**Directions:**
Each line below must be set down exactly; omit any image you find.

**Source data:**
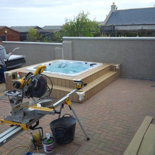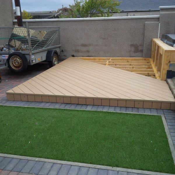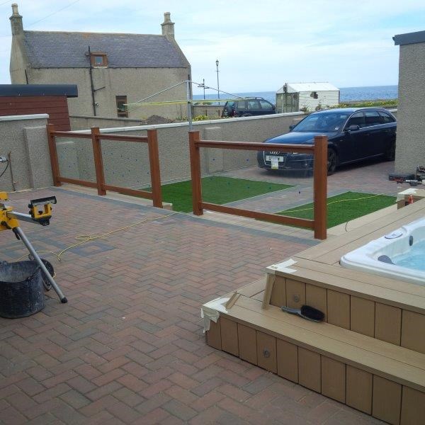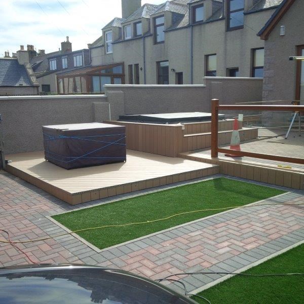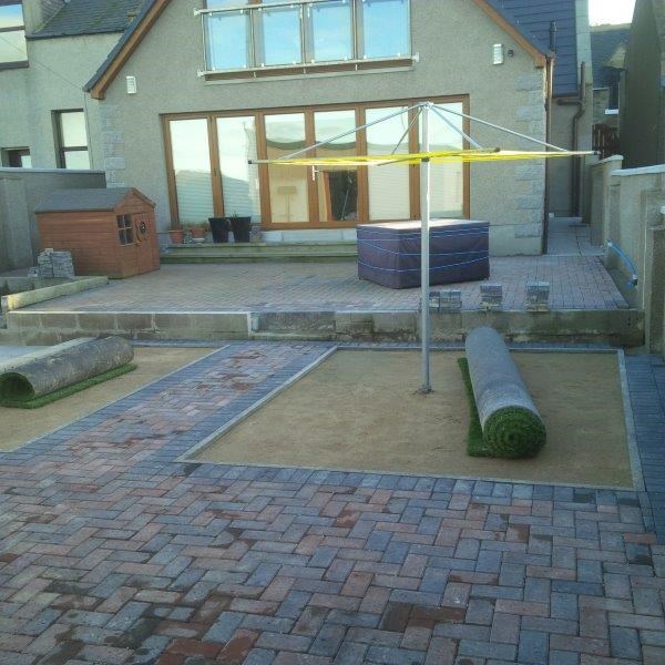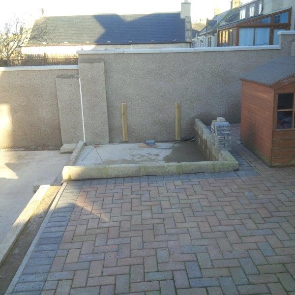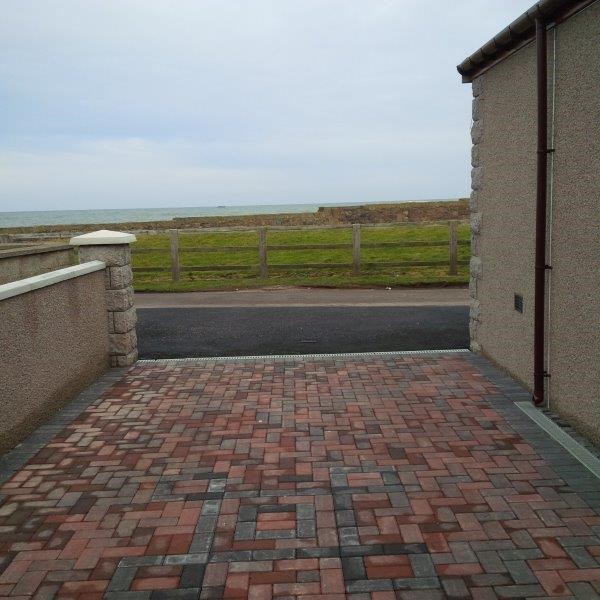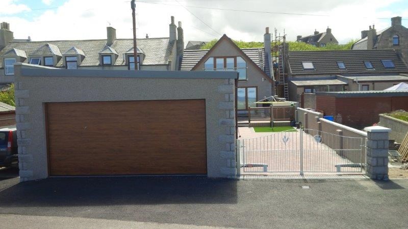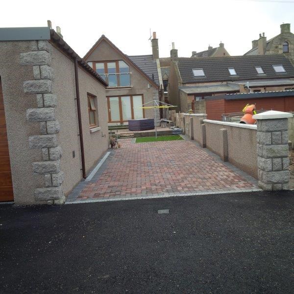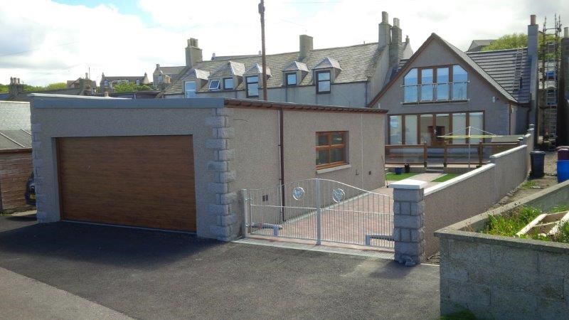 Extensive project to an old Fisherman's Cottage in a quaint area of Buckie. We erected a new 4 car garage. Constructed new boundary walls, with electrically automated galvanised gates which were made by a local fabricator. Forming and laying a new lock block driveway, UPVC decking complete with a glazed balustrade system. Remaining areas landscaped using Astroturf. Completed 2015.
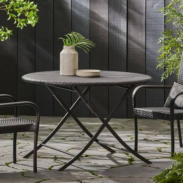 45.5 in. W Brown Multi Round Wicker Foldable Outdoor Coffee Table with Umbrella Hole
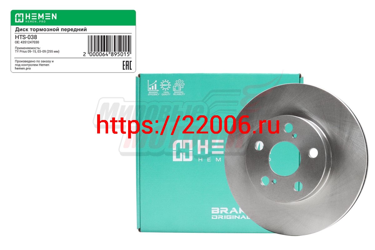 - Диск тормозной передний Toyota Prius 09-15, 03-09,диам. 255 мм (HTS038) в Сочи недорого
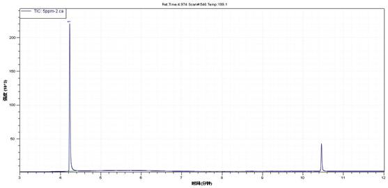 目標物在5ppm-100ppm線(xiàn)性良好。取低含量尼古丁加標,樣品經(jīng)過(guò)乙酸乙酯超聲萃取。50ppm加標水平下譜圖如下,得到了比較滿(mǎn)意的效果。
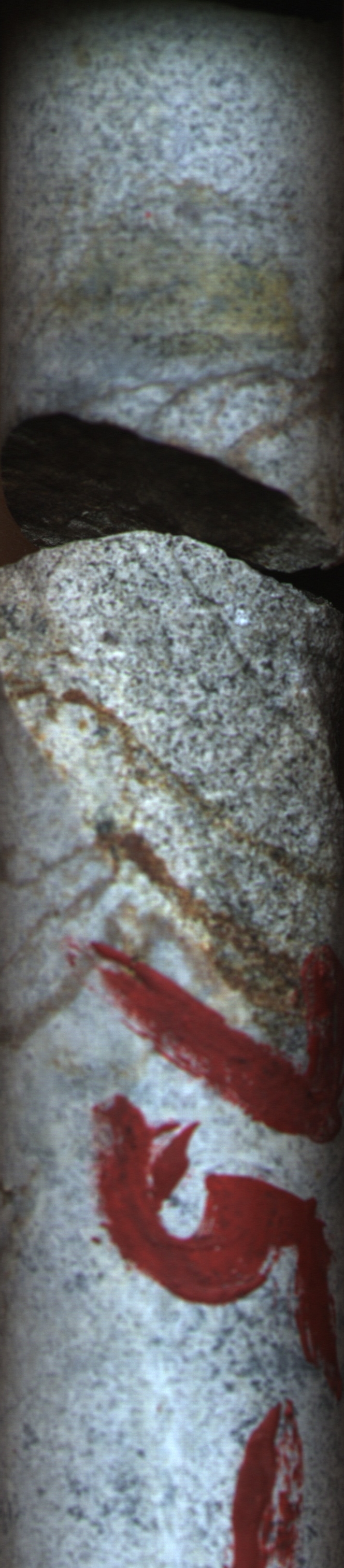 | 347.99 | 357.33 | 混合岩 | 灰黑色,岩石裂隙发育,晶洞内有方解石晶簇。岩石具绿泥石化,见有磁黄铁矿。 |
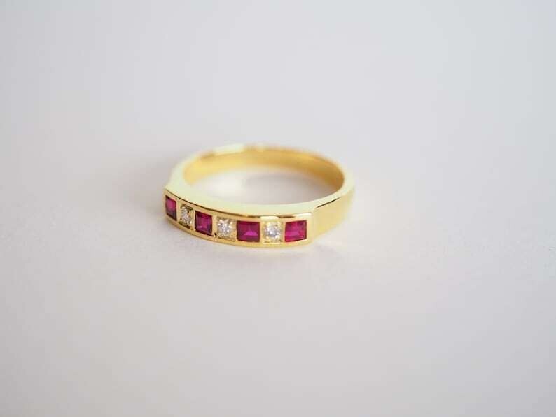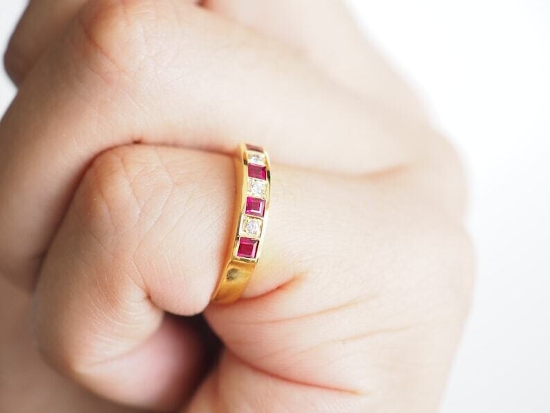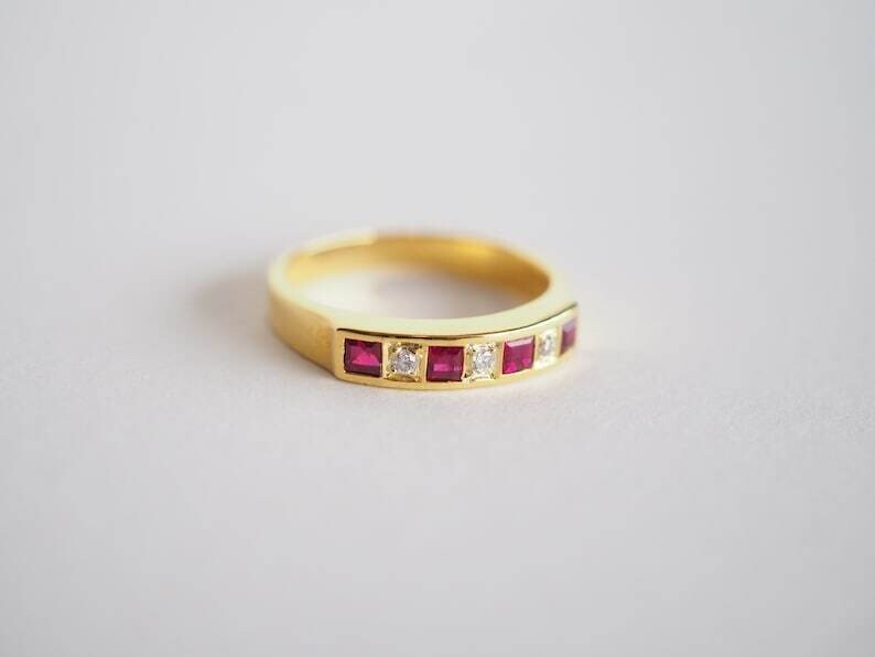 Ring Size: All Size Available Secondary Stone: Simulated Diamond Vintage: No Metal Purity: 925 Occasion: Anniversary, Birthday, Christmas, Engagement, Father's Day, Graduation, Mother's Day, Valentine's Day, Wedding Sizable: Yes Brand: sp_jewels Personalize: Yes Color: Yellow Main Stone: Simulated Ruby Material: Gemstone, Stone, metal Type: Ring Country of Origin: India Main Stone Color: Pink Seller Warranty: No Features: Engraved Setting Style: Prong gtin13: Does Not Apply Main Stone Creation: Simulated Seller Notes: ““Freshly made on order with quality and buyer satisfaction. No old stocks.”” Antique: No Cut Grade: Excellent UPC: Does Not Apply Number of Gemstones: Multi Wholesale: Yes Theme: Beauty Handmade: Yes Materials sourced from: Unknown Base Metal: Yellow Gold Plated Shape: Round Metal: Sterling Silver Main Stone Shape: Princess Style: Band, Eternity
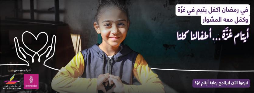 الأطفال الأيتام في قطاع غزة أصبحوا جزءاً من مسؤوليتنا، من التزامنا.. من ايماننا بأن تكاتفنا مع بعضنا البعض سيسهم في بث أمل كبير للأيتام نحو حياة كريمة.. فهم ليسو وحدهم، كلنا معهم..
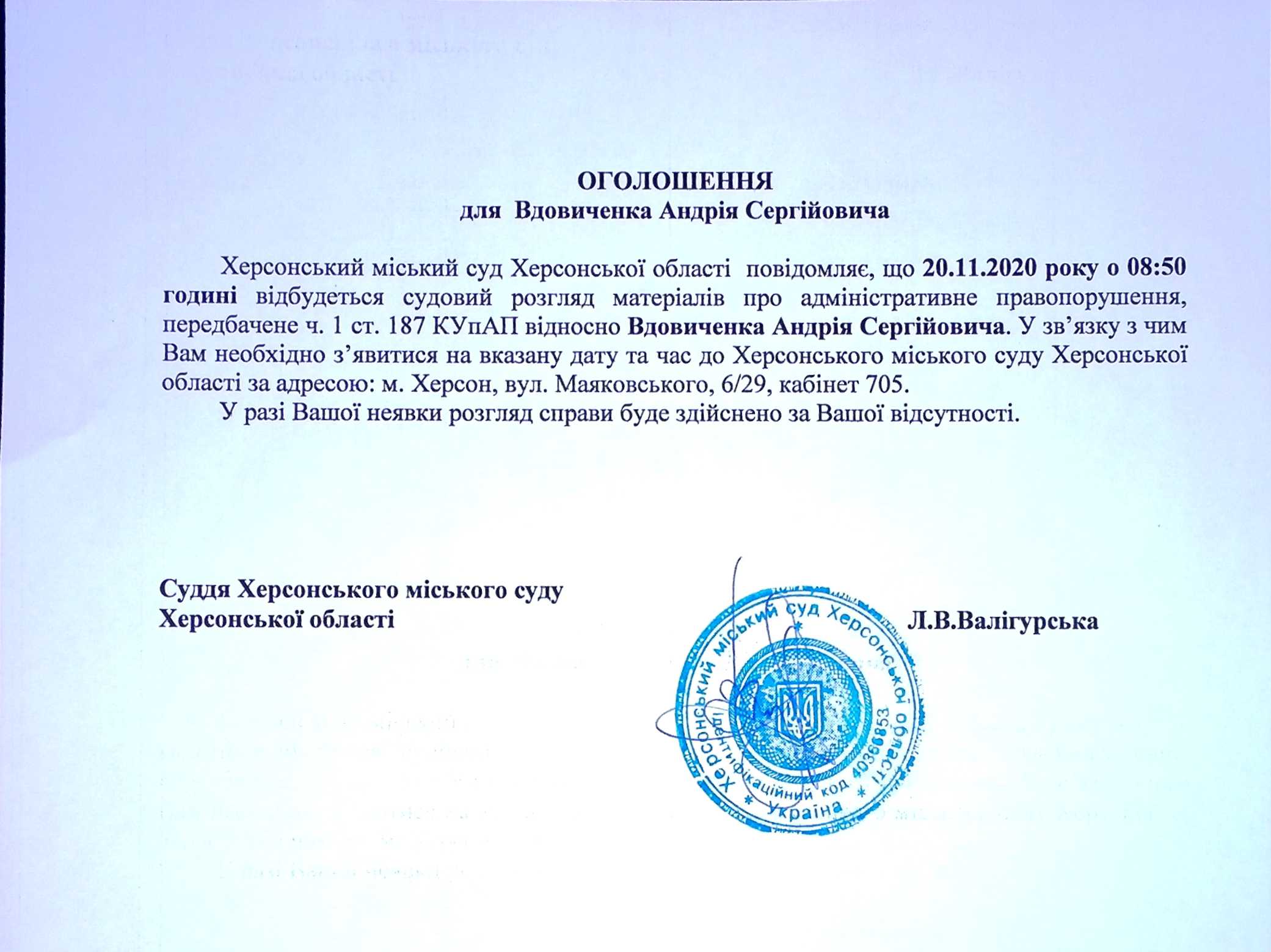 ОГОЛОШЕННЯ для Вдовиченка Андрія Сергійовича
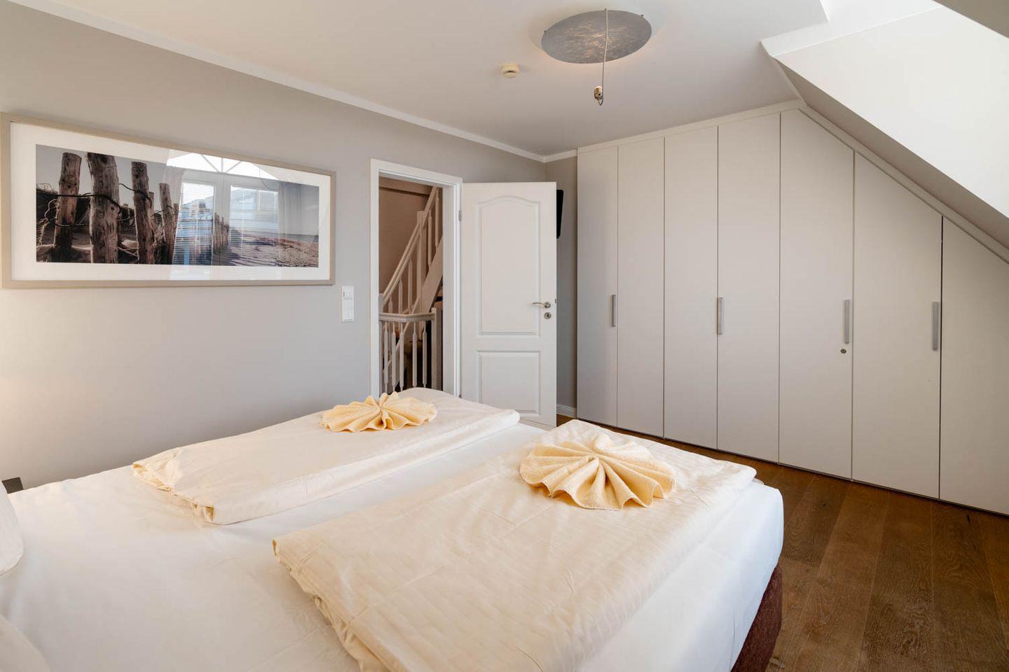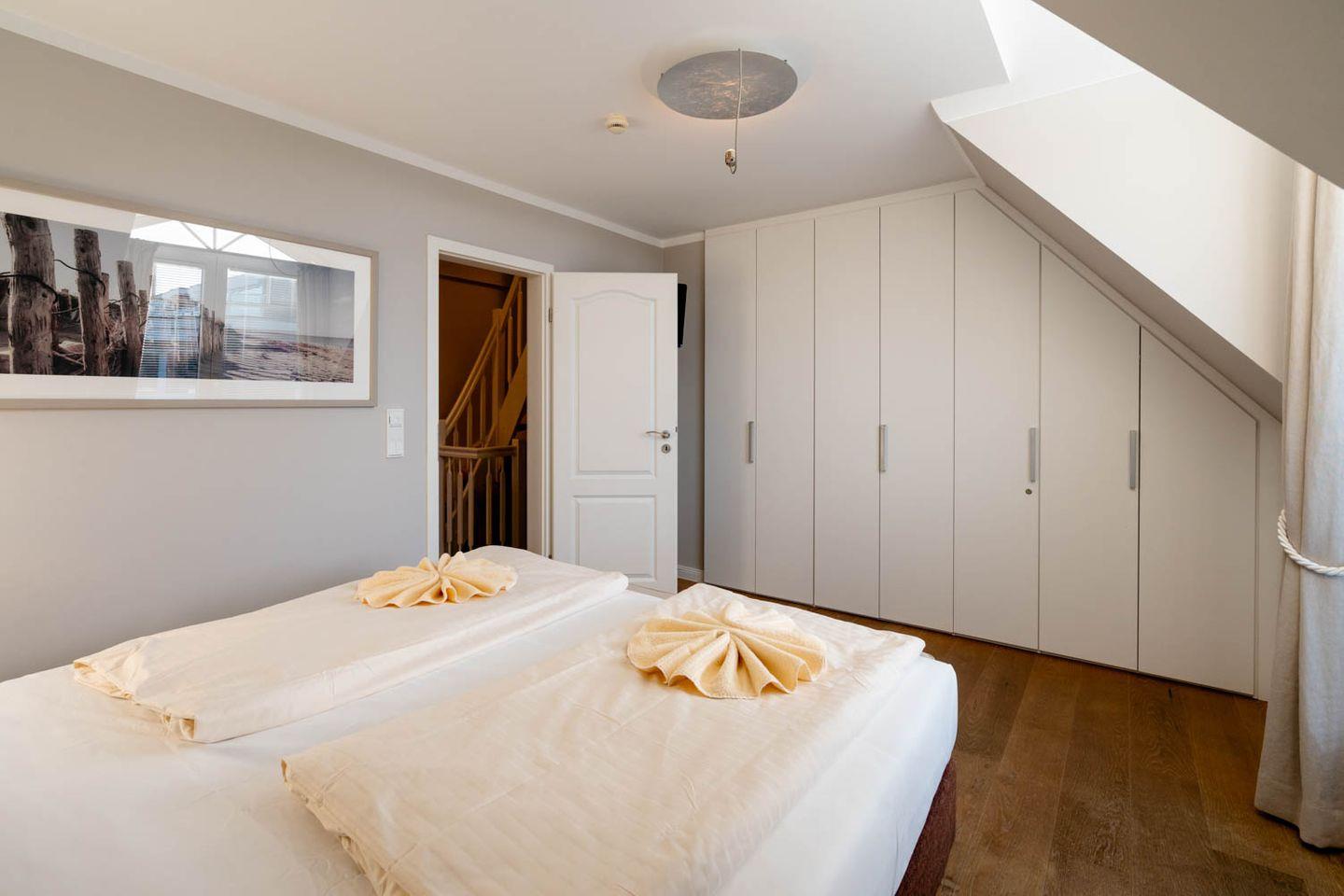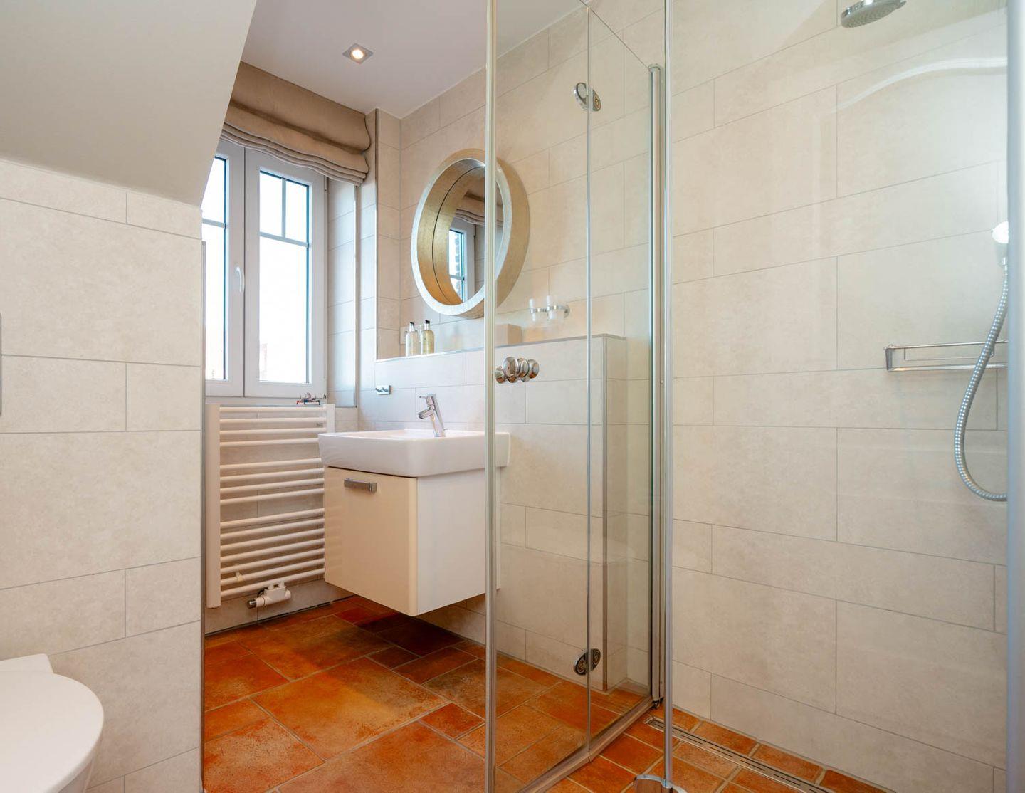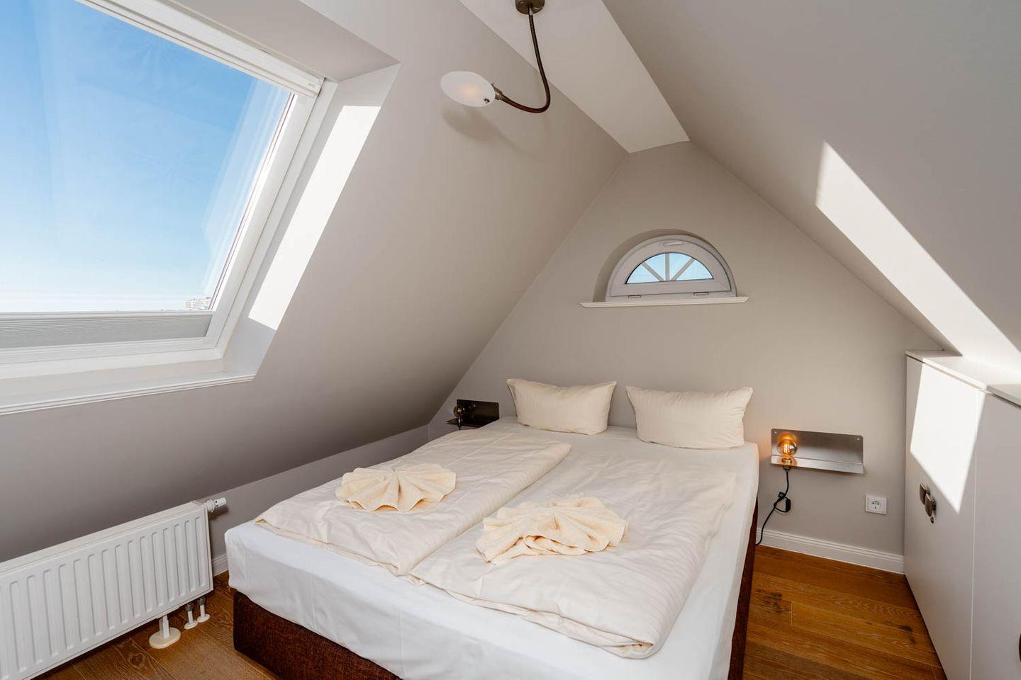 Moin und herzlich willkommen, sagt Ekke 1, diese 100 Quadratmeter große 4-Zimmer-Ferienwohnung, die sich über Erd-, Ober- und Dachgeschoss erstreckt, in einer kleinen Ferienwohnanlage im ruhigeren nördlichen Teil von Westerland liegt. Ein Gartenanteil und eine eigene Terrasse mit Möbeln und Strandkorb gehören dazu, ein hauseigener Parkplatz und ein Minibalkon im Obergeschoss, der tatsächlich Meerblick hat. Und auch die inneren Werte von „Ekke 1“ können sich sehen lassen mit zwei Bädern, eines davon inklusive Waschmaschine/Trockner, und drei Schlafzimmern mit zwei Doppel- und zwei Einzelbetten sowie einem Kinderbett. Das im Landhausstil eingerichtete Wohnzimmer hat sogar einen der typischen nordischen Kaminöfen und eine Fußbodenheizung, die Einrichtung ist sommerlich licht und freundlich. Dass die edle Küche mit Mikrowelle, Cerankochfeld, Cappuccino-Maschine und Backofen voll ausgestattet ist, passt zum perfekten Stil des Hauses. Die Lage der Wohnung ist ruhig und trotzdem strandnah, zu Fuß braucht man von hier aus nur gute fünf Minuten bis an den Strand, bis zur Innenstadt sind‘s höchstens zehn, ein Bäcker findet sich ganz in der Nähe.

**Answer box:**
 Extensive project to an old Fisherman's Cottage in a quaint area of Buckie. We erected a new 4 car garage. Constructed new boundary walls, with electrically automated galvanised gates which were made by a local fabricator. Forming and laying a new lock block driveway, UPVC decking complete with a glazed balustrade system. Remaining areas landscaped using Astroturf. Completed 2015.
 45.5 in. W Brown Multi Round Wicker Foldable Outdoor Coffee Table with Umbrella Hole
 - Диск тормозной передний Toyota Prius 09-15, 03-09,диам. 255 мм (HTS038) в Сочи недорого
 目標物在5ppm-100ppm線(xiàn)性良好。取低含量尼古丁加標,樣品經(jīng)過(guò)乙酸乙酯超聲萃取。50ppm加標水平下譜圖如下,得到了比較滿(mǎn)意的效果。
 | 347.99 | 357.33 | 混合岩 | 灰黑色,岩石裂隙发育,晶洞内有方解石晶簇。岩石具绿泥石化,见有磁黄铁矿。 |
 Ring Size: All Size Available Secondary Stone: Simulated Diamond Vintage: No Metal Purity: 925 Occasion: Anniversary, Birthday, Christmas, Engagement, Father's Day, Graduation, Mother's Day, Valentine's Day, Wedding Sizable: Yes Brand: sp_jewels Personalize: Yes Color: Yellow Main Stone: Simulated Ruby Material: Gemstone, Stone, metal Type: Ring Country of Origin: India Main Stone Color: Pink Seller Warranty: No Features: Engraved Setting Style: Prong gtin13: Does Not Apply Main Stone Creation: Simulated Seller Notes: ““Freshly made on order with quality and buyer satisfaction. No old stocks.”” Antique: No Cut Grade: Excellent UPC: Does Not Apply Number of Gemstones: Multi Wholesale: Yes Theme: Beauty Handmade: Yes Materials sourced from: Unknown Base Metal: Yellow Gold Plated Shape: Round Metal: Sterling Silver Main Stone Shape: Princess Style: Band, Eternity
 الأطفال الأيتام في قطاع غزة أصبحوا جزءاً من مسؤوليتنا، من التزامنا.. من ايماننا بأن تكاتفنا مع بعضنا البعض سيسهم في بث أمل كبير للأيتام نحو حياة كريمة.. فهم ليسو وحدهم، كلنا معهم..
 ОГОЛОШЕННЯ для Вдовиченка Андрія Сергійовича
 Moin und herzlich willkommen, sagt Ekke 1, diese 100 Quadratmeter große 4-Zimmer-Ferienwohnung, die sich über Erd-, Ober- und Dachgeschoss erstreckt, in einer kleinen Ferienwohnanlage im ruhigeren nördlichen Teil von Westerland liegt. Ein Gartenanteil und eine eigene Terrasse mit Möbeln und Strandkorb gehören dazu, ein hauseigener Parkplatz und ein Minibalkon im Obergeschoss, der tatsächlich Meerblick hat. Und auch die inneren Werte von „Ekke 1“ können sich sehen lassen mit zwei Bädern, eines davon inklusive Waschmaschine/Trockner, und drei Schlafzimmern mit zwei Doppel- und zwei Einzelbetten sowie einem Kinderbett. Das im Landhausstil eingerichtete Wohnzimmer hat sogar einen der typischen nordischen Kaminöfen und eine Fußbodenheizung, die Einrichtung ist sommerlich licht und freundlich. Dass die edle Küche mit Mikrowelle, Cerankochfeld, Cappuccino-Maschine und Backofen voll ausgestattet ist, passt zum perfekten Stil des Hauses. Die Lage der Wohnung ist ruhig und trotzdem strandnah, zu Fuß braucht man von hier aus nur gute fünf Minuten bis an den Strand, bis zur Innenstadt sind‘s höchstens zehn, ein Bäcker findet sich ganz in der Nähe.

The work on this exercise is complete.